Supplied data:
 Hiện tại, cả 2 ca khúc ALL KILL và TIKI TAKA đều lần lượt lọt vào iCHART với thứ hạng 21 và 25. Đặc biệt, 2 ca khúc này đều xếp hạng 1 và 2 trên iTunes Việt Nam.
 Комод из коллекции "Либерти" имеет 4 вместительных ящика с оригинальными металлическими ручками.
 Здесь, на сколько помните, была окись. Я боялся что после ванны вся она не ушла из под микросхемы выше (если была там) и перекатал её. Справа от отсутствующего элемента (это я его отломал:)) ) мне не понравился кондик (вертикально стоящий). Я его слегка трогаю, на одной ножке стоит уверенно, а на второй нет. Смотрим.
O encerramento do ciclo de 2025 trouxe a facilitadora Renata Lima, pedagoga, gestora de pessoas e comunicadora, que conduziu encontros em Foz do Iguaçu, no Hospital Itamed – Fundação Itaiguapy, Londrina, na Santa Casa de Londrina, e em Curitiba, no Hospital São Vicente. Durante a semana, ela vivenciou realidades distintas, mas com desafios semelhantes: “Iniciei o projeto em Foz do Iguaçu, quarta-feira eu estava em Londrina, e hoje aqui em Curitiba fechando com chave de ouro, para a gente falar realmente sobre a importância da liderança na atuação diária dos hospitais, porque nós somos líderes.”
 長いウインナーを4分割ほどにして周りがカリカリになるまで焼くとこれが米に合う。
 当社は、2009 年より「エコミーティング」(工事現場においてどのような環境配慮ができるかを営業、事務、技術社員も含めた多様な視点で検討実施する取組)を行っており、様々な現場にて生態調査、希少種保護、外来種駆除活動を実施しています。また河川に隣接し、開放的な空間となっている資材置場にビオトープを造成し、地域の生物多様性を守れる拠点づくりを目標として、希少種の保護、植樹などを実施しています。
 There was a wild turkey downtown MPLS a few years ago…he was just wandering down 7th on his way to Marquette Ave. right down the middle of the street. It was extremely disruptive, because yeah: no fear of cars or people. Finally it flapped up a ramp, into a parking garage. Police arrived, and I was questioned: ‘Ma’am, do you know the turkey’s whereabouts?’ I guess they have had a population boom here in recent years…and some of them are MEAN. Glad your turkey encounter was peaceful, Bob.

Description of the task: Each line of the data is to be written out again exactly.

Written response:
 Hiện tại, cả 2 ca khúc ALL KILL và TIKI TAKA đều lần lượt lọt vào iCHART với thứ hạng 21 và 25. Đặc biệt, 2 ca khúc này đều xếp hạng 1 và 2 trên iTunes Việt Nam.
 Комод из коллекции "Либерти" имеет 4 вместительных ящика с оригинальными металлическими ручками.
 Здесь, на сколько помните, была окись. Я боялся что после ванны вся она не ушла из под микросхемы выше (если была там) и перекатал её. Справа от отсутствующего элемента (это я его отломал:)) ) мне не понравился кондик (вертикально стоящий). Я его слегка трогаю, на одной ножке стоит уверенно, а на второй нет. Смотрим.
O encerramento do ciclo de 2025 trouxe a facilitadora Renata Lima, pedagoga, gestora de pessoas e comunicadora, que conduziu encontros em Foz do Iguaçu, no Hospital Itamed – Fundação Itaiguapy, Londrina, na Santa Casa de Londrina, e em Curitiba, no Hospital São Vicente. Durante a semana, ela vivenciou realidades distintas, mas com desafios semelhantes: “Iniciei o projeto em Foz do Iguaçu, quarta-feira eu estava em Londrina, e hoje aqui em Curitiba fechando com chave de ouro, para a gente falar realmente sobre a importância da liderança na atuação diária dos hospitais, porque nós somos líderes.”
 長いウインナーを4分割ほどにして周りがカリカリになるまで焼くとこれが米に合う。
 当社は、2009 年より「エコミーティング」(工事現場においてどのような環境配慮ができるかを営業、事務、技術社員も含めた多様な視点で検討実施する取組)を行っており、様々な現場にて生態調査、希少種保護、外来種駆除活動を実施しています。また河川に隣接し、開放的な空間となっている資材置場にビオトープを造成し、地域の生物多様性を守れる拠点づくりを目標として、希少種の保護、植樹などを実施しています。
 There was a wild turkey downtown MPLS a few years ago…he was just wandering down 7th on his way to Marquette Ave. right down the middle of the street. It was extremely disruptive, because yeah: no fear of cars or people. Finally it flapped up a ramp, into a parking garage. Police arrived, and I was questioned: ‘Ma’am, do you know the turkey’s whereabouts?’ I guess they have had a population boom here in recent years…and some of them are MEAN. Glad your turkey encounter was peaceful, Bob.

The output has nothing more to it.